GDA and Naive Bayes in machine learning

24-07-2022
chuong xuan
0 Comments

The normal distribution is also known as the Gaussian (bell-shaped) distribution. The distribution has the same general form, only the position parameter (mean μ) and the ratio (variance σ ² ) are different.

Multidimensional normal distribution representation.

The Gaussian distribution has the form:

“|Σ|” is the determinant of the covariance matrix Σ

In there:

Mean vector (expected): μ ∈ R ^d
Covariance matrix : ∈ R ^dxd

For classification problems, x is known to be continuous random (when x is continuous, its possible values fill an interval on the number line X ∈ (x _min ; x _max ). We can use the Gaussian Discriminant Analysis (GDA) model: predict the probability P(x|y) based on a normal distribution of many variables.

Write as a distribution:

In there:

Model parameters , , μ ₀ , μ ₁ .
μ ₀ , μ ₁ are the two average vectors of x|y = 0 and x|y = 1
The loss function of the model: Log-linkihood

Thus, to pole at the loss function, we can reduce the problem to finding the parameters , , μ ₀ , μ ₁ of the training dataset.

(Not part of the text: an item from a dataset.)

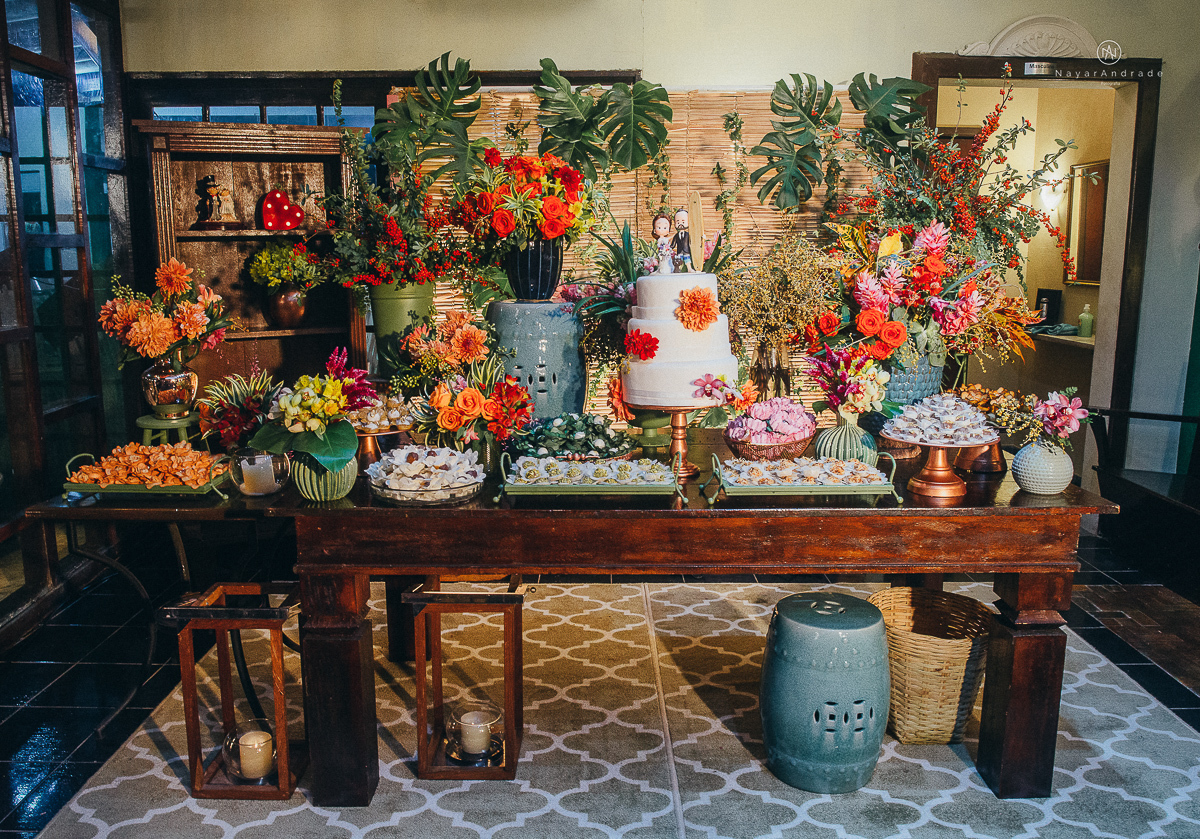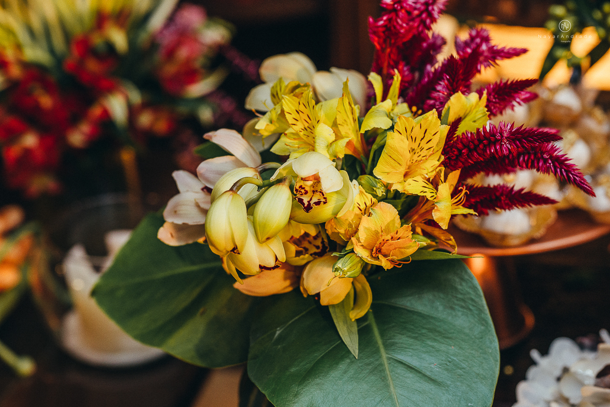 foto de decoracao no salao mansao da ilha em sao vicente flores tropicais coloridas e rustico

Let's discuss some issues between GDA and Logistic regression.

Suppose if we consider p(y=1 | ∅, Σ , μ ₀ , μ ₁ ) is a function of x, then the expression will now have the form:

Where theta is an approximation of , , μ ₀ , μ ₁

Thus we see that it has the same form as the logistic regression algorithm.

So if the distribution of p(x | y) has a Gaussian distribution, then the GDA is good
If the distribution of p(x | y) is not Gaussian, then GDA may be less efficient.

Mục lục

Naive Bayes classification algorithm

Suppose an algorithm classifies customers or classifies emails as spam or non-spam. If we represent email as a feature vector with dimensions equal to the size of the dictionary. If in the email there is the jth word in the dictionary then x _j = 1 otherwise x _j = 0. And what if the set of word points consists of 5000 words, x ∈ {0, 1} ⁵⁰⁰⁰ . So, if you want to build a classifier, you need at least 2 ^(50000-1) parameters and that's not a small number.

To model p(x | y) we assume that xi is independent. This assumption is called Naive Bayes (naive). The result of the algorithm is Naive Bayes classifier.

The probability p(c | x) is calculated by:

This is also a form of the Bayesian formula in probability.

To calculate p(x|c), we rely on the assumption that xi is independent of

The larger d is, the smaller the probability of ohari is. So we need to get the log on the right side to scale it up.

Distributions commonly used in NBC.

1. Guassian naive Bayes:

For each data dimension i and a class c, xi follows a normal distribution with expected μ _ci and variance σ _ci ² .

The parameter μ _ci and the variance σ _ci ² are determined based on the points in the traning set of class c.

2. Bernoulli Naive Bayes

The components of the feature vector are discrete variables that take the value 0 or 1: Then p(xi|c) is calculated by:

p(i|c) can be understood as the probability that word i appears in the text of class c.

3. Multinomial Naive Bayes:

The components of the feature vector are discrete variables according to the Poisson distribution.

Assume a text classification problem where x is a Bow representation.

The value of the ith element in each vector is the number of times the ith word occurs in the text.

Then, p(xi|c) is proportional to the frequency with which word i appears in documents of class c.

N _ci is the total number of times i appear in the documents of class c.

Nc is the total number of words (including repetition) appearing in class c.

4. Laplace smoothing.

If there is a word that never appears in class c, then the probability of going to the right of the following formula will be = 0.

To solve this, a technique called Laplace smoothing is applied:

Where α is a positive number, usually α will equal 1, the sample plus dα helps to ensure the total probability. Thus, each class c will be described by a subset of positive numbers that sum to 1.